What is Hyperpigmentation?

Probably one of the most frustrating things for most people, besides persistent acne, is hyperpigmentation. In this series on hyperpigmentation I will discuss what exactly is hyperpigmentation & how it is commonly treated. I will also discuss some good products and treatments for each type of hyperpigmentation. There are 3 types of hyperpigmentation: post-inflammatory hyperpigmentation (PIH), photo damage (sun damage) and melasma. First let's discuss each type separately and then how to treat each one. Then I will discuss some products for each type. 

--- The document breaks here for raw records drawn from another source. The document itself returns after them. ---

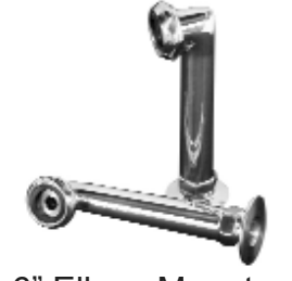
6" Elbow Mounts
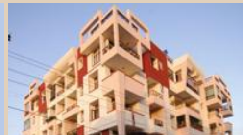
Trimurty's Apna Aangan Bani Park Jaipur
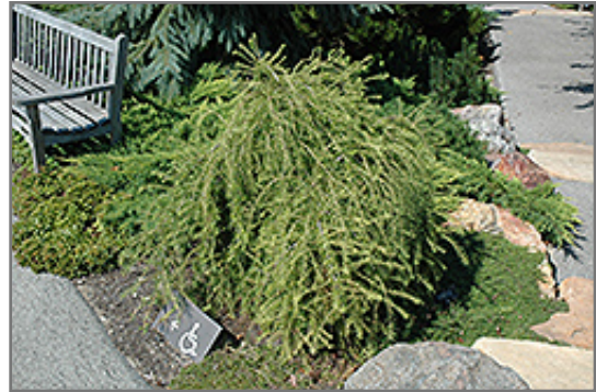
Puli Weeping Larch

This is a relatively low maintenance shrub, and is best pruned in late winter once the threat of extreme cold has passed. Deer don't particularly care for this plant and will usually leave it alone in favor of tastier treats. It has no significant negative characteristics.
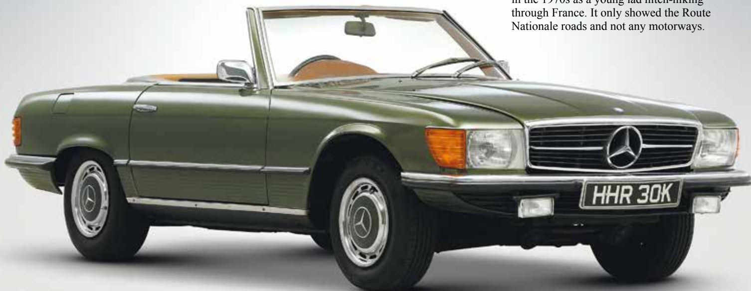
Jo Davies's 350SL at a studio photo shoot in 2016.
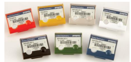
TLD card holder type Genesis

All information in this brochure is subject to technical changes without notice.
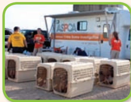
ASPCA teams prepare to evacuate animals from Thyme and Sage Ranch.

state-of-the-art forensics tools and unmatched expertise to collect and process evidence at crime scenes. The specially designed vehicle is also outfitted with medical equipment tailored for animal patients. More than 315 dogs, 21 rabbits, birds, horses, chinchillas and a ferret were removed from the property during the seizure. The ASPCA collected evidence for the prosecution of the criminal case, and it provided the services of a special forensic cruelty investigation team, composed of disaster animal rescuers and field service investigators. More than a dozen responders from the ASPCA Disaster Response Team were on the scene, and were assisted by the American Humane Association and Saranac Technical Rescue Team. Other animal rescue professionals from national organizations, including Humane Society of the United States, United Animal Nations, and Hooved Animal Rescue and Protection Society, as well as local agencies such as Dane County Humane Society, assisted in handling animals on the scene. PetSmart Charities® donated resources and supplies, and Dane County Humane Society provided temporary shelter for the dogs and cats involved in the investigation.

PIH is usually, but not limited, to acne lesions. It is commonly due to picking and scarring. Picking is called excoriation. It can also be caused by just having a lesion. PIH can also be caused by lesions like cysts, nodules, papules and pustules. If you are more interested in acne lesions, see my treatise on acne entitled: What Is Acne? How Do You It Treat It?. PIH is red and angry looking and often fades to a pink, light brown or white scar after a certain length of time. Basically PIH is damage to the dermis or epidermis with a deposition of melanin to the keratinocytes (skin cells). Inflammation in the epidermis causes the melanocytes (pigment producing cells) to increase melanin synthesis and transfer it to the surrounding keratinocytes, as seen in the first photograph. It can also occur when the skin is burned though, as seen in the second picture below. This one is more severe and usually leads to skin that scars differently. It might produce a keloid scar or a slightly raised white scar when it is finally healed. 

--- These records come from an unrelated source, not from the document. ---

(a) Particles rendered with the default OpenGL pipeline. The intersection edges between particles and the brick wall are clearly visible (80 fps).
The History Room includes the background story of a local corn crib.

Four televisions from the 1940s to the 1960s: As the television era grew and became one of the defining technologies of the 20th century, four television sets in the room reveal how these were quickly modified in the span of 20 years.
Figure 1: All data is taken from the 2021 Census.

Next, there is photo damage (sun damage), another form of hyperpigmentation, which is the most common kind. This occurs when melanin in the skin is exposed to UV radiation from the sun. It is the structural and functional deterioration of sun exposed skin resulting in freckling, fine lines, wrinkling, roughness, altered texture, discolorations, lentigines, mottled hyperpigmentation, epidermal thickening, degeneration of the dermis, degeneration of collagen and elastin, damage to dermal vessels, the presence of skin cancer, and sun spots. Damage to the skin results from prolonged exposure to UV irradiation. It damages the skin's fibers and is the cause of up to 90% of skin aging. Sunscreen use EVERYDAY, rain or shine and use indoors & outdoors can prevent photo damage to the skin. It is recommended that one wears a broad spectrum sunscreen (covering UVA/UVB rays) of at least a SPF30 daily and reapplied every 2 hours. Also, it is best to avoid the sun's rays between the hours of 12-4 pm when they are the strongest, especially during the summer months. 

Below you can see two types of  photo damage, freckling and more advanced photo damage that has accrued over time. Freckling may look cute but it is photo damage all the same and it dangerous. It results from UV exposure and is not good for the skin. Even those with highly pigmented skin can experience freckling and photo damage, and should wear sunscreen everyday. Skin cancer, especially melanoma, is on the rise in younger people. For example, I am only 49 and have already had skin cancer twice. Once on the end of my nose and once on my upper arm. Granted I have a fair amount of photo damage and I am a Fitzpatrick I on the dermal scale (what dermatologists use to describe susceptibility to sun damage). I never tan, only burn in the sun and have very fair skin with light hair and blue-green eyes. The scale goes from a I to a VI and assesses your skin cancer risk. 







Melasma is the third type of hyperpigmentation. It is seen often in women of color, pregnant women (called the mask of pregnancy) or women experiencing menopause. It is thought to be triggered by UV exposure. It is often due to hormonal changes in the body. This latter aspect is what makes it difficult to treat. Below are some photographs of melasma showing how it is different than regular hyperpigmentation. 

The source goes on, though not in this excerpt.